__Required work__: Transcribe the stretch of entries below from the line with "圖為中國康復(fù)研究中心" through the line with "6月1日,赶紧选座CINIT", exactly and with both ends included; leave out all other lines.

__Data provided__:
----

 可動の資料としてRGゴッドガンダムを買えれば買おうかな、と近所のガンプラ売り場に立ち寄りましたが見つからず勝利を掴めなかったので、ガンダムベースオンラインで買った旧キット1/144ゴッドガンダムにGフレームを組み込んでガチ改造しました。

----

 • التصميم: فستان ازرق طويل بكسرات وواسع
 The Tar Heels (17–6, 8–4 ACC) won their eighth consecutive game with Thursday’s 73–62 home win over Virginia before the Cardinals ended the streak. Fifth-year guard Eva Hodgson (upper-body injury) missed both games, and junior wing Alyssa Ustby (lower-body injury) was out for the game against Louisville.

----

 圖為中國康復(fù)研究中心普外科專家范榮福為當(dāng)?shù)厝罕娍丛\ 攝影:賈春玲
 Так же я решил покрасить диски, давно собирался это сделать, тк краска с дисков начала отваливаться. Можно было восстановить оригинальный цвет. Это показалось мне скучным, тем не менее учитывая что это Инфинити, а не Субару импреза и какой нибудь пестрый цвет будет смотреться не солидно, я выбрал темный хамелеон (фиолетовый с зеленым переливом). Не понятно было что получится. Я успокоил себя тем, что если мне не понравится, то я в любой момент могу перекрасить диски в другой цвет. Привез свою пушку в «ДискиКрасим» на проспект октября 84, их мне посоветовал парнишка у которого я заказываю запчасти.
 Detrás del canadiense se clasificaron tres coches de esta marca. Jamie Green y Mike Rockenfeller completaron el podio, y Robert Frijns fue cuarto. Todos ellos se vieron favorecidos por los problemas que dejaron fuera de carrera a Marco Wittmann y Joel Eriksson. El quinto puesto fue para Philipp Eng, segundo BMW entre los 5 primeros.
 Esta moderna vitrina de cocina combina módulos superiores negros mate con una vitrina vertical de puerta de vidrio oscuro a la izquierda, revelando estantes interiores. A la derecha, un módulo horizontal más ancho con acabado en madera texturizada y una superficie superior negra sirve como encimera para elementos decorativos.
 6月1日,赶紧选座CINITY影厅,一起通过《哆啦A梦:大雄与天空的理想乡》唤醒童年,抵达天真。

----

__Written solution__:
 圖為中國康復(fù)研究中心普外科專家范榮福為當(dāng)?shù)厝罕娍丛\ 攝影:賈春玲
 Так же я решил покрасить диски, давно собирался это сделать, тк краска с дисков начала отваливаться. Можно было восстановить оригинальный цвет. Это показалось мне скучным, тем не менее учитывая что это Инфинити, а не Субару импреза и какой нибудь пестрый цвет будет смотреться не солидно, я выбрал темный хамелеон (фиолетовый с зеленым переливом). Не понятно было что получится. Я успокоил себя тем, что если мне не понравится, то я в любой момент могу перекрасить диски в другой цвет. Привез свою пушку в «ДискиКрасим» на проспект октября 84, их мне посоветовал парнишка у которого я заказываю запчасти.
 Detrás del canadiense se clasificaron tres coches de esta marca. Jamie Green y Mike Rockenfeller completaron el podio, y Robert Frijns fue cuarto. Todos ellos se vieron favorecidos por los problemas que dejaron fuera de carrera a Marco Wittmann y Joel Eriksson. El quinto puesto fue para Philipp Eng, segundo BMW entre los 5 primeros.
 Esta moderna vitrina de cocina combina módulos superiores negros mate con una vitrina vertical de puerta de vidrio oscuro a la izquierda, revelando estantes interiores. A la derecha, un módulo horizontal más ancho con acabado en madera texturizada y una superficie superior negra sirve como encimera para elementos decorativos.
 6月1日,赶紧选座CINITY影厅,一起通过《哆啦A梦:大雄与天空的理想乡》唤醒童年,抵达天真。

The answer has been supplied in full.